Conclusions on Mathematics Education from 1945 to 1998

BACK TO THE MATH HOMEPAGE

     It's rather difficult to say just how much has really changed in the last half decade of math education.  While attempts to progress and apply innovations to the field have been frequent, they have been met with only partial success.  The elementary teacher's lack of foundation in math has surely impeded the advancement of math education, and future directions in mathematics should bear this in mind.

     The history of math education reflects this slow pace of change.  While math educators have recognized new directions in mathematics as having to be palatable for the classroom teacher, meaningful approaches to this end were slow in developing.  Even through shifts in math education thinking, our interviews are demonstrative of the fact that teachers always approach the subject matter from their own perspective.  Often this frame of reference for mathematics emerged from the teachers' personal experiences as students.

     Textbooks have also shown the progression of math education, often lending themselves to pedagogical practice, becoming profoundly valuable teachers' aids.  With greater demands on teachers to teach more complicated and conceptual mathematics, however, the textbook as the panacea for teachers is a remnant of a bygone era.  The future for elementary math teachers, then, is unclear.

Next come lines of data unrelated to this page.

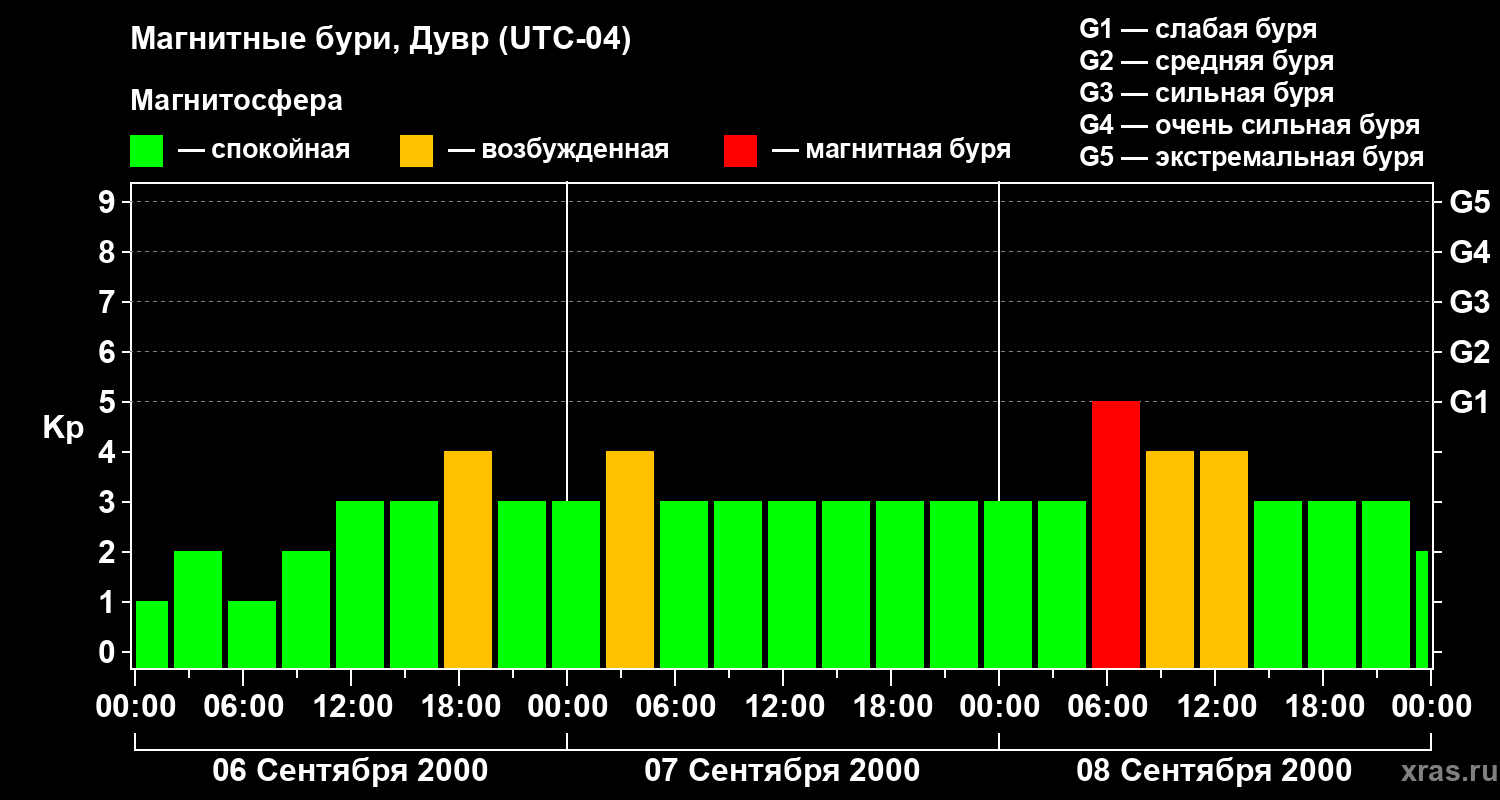 Изменения геомагнитного индекса Kp с 6 по 8 сентября 2000 года для средних широт
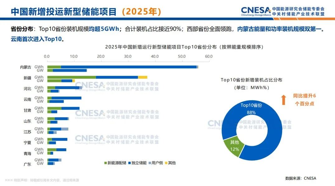 2025年,内蒙古凭借风光大基地的强劲需求,其能量与功率装机规模双双跃居中国首位,并一举超越美国加州,成为全球最大的区域储能市场。
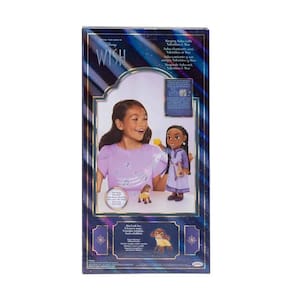 A Boneca Asha tem cerca de 35 cm de altura e vem com duas pequenas figuras. Ela te transporta para uma experiência musical mágica! Sua bela vestimenta e cabelos longos e brilhantes deixam a brincadeira mais encantada. Ela fala 20 frases e inclui uma estrela dos desejos que brilha enquanto as crianças cantam com a Asha.
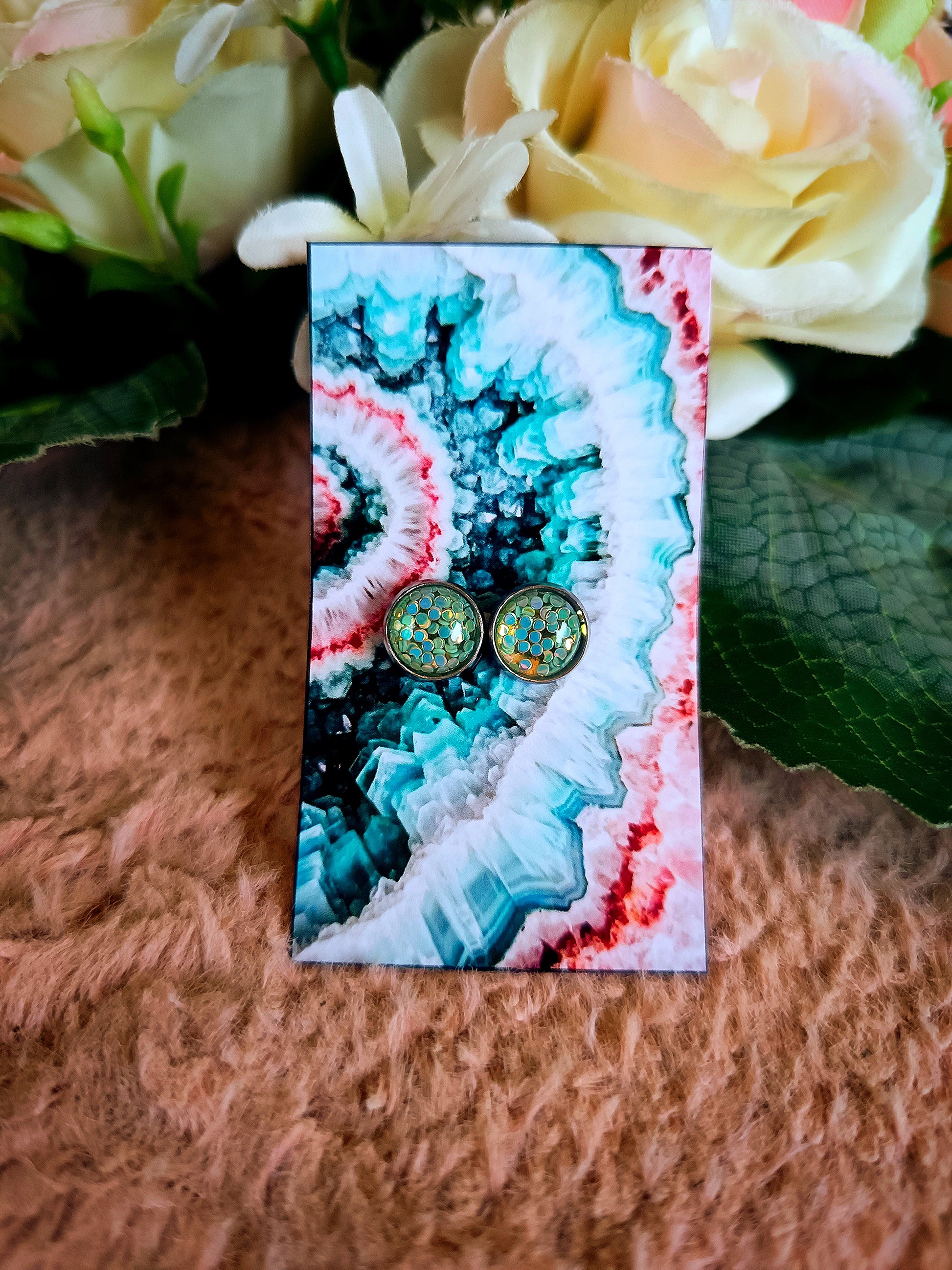 Világoskék konfetti bedugós nikkelmentes fülbevaló
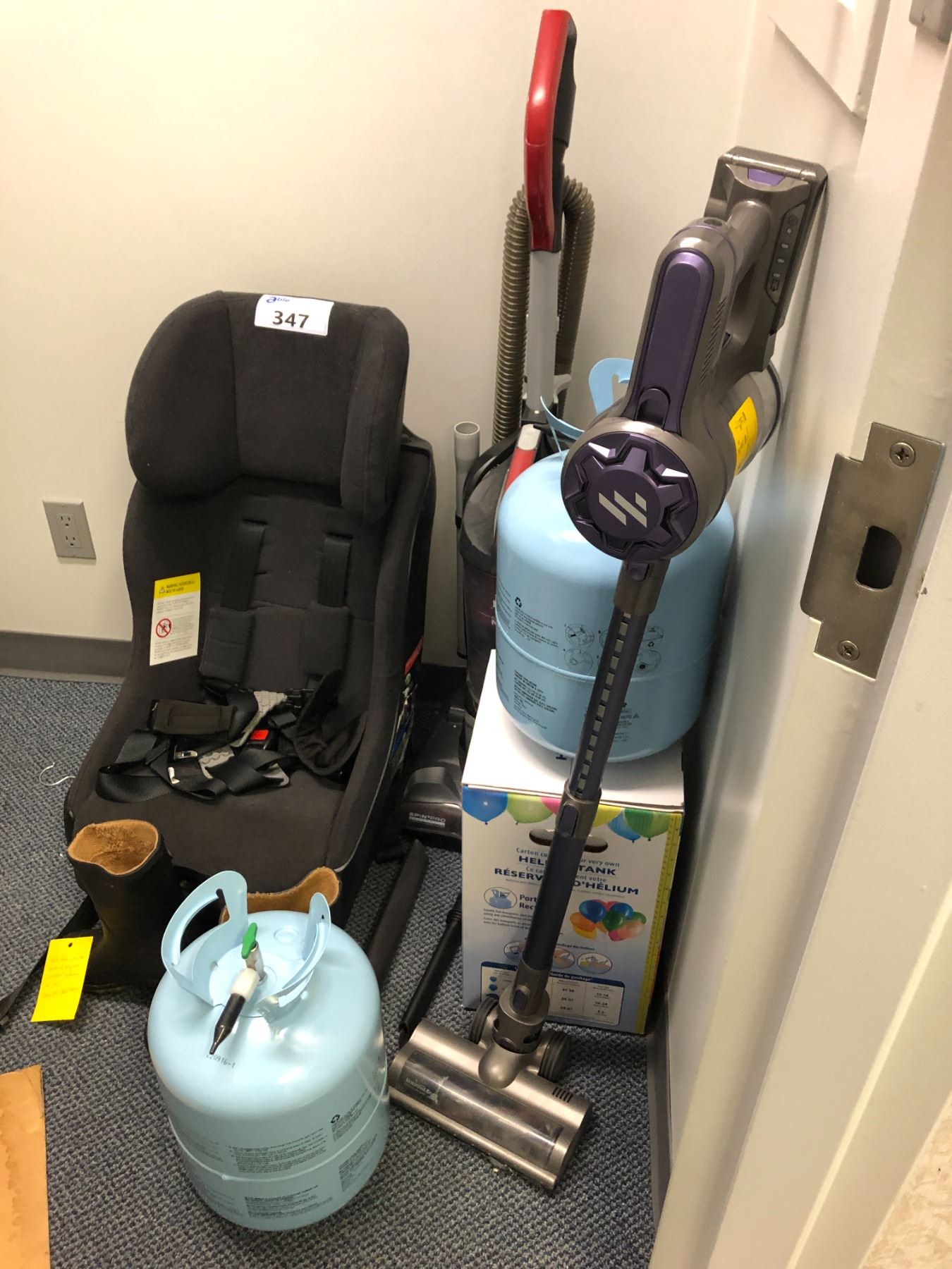 CONTENTS OF STORAGE ROOM INCLUDING VACUUMS, HELIUM TANKS, BALLOONS, CHILDREN'S CAR SEAT AND MORE - MUST TAKE ALL
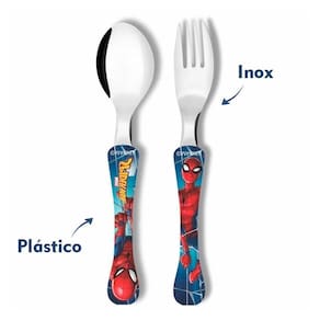 As refeições da criançada vão ficar mais divertidas com o Jogo de Talheres Do Homem Aranha Um garfinho e uma colher de inox com estampa de super-herói são super aliados na alimentação dos pequenos. Torne a hora de comer mais divertida

     It seems that curriculum is one of the few areas that fails to recognize some teachers' difficulties with mathematics.  The new demanding math curriculum, with a lack of supplementary documentation and in-service support may very well meet the same end as other curricula, where lofty objectives are never fully realized.  Perhaps future math educators will heed the warnings of history, and focus on mathematics for elementary teachers in a new way, where teachers will be able to teach with comfort, and students able to learn to meet the expectations of the coming age.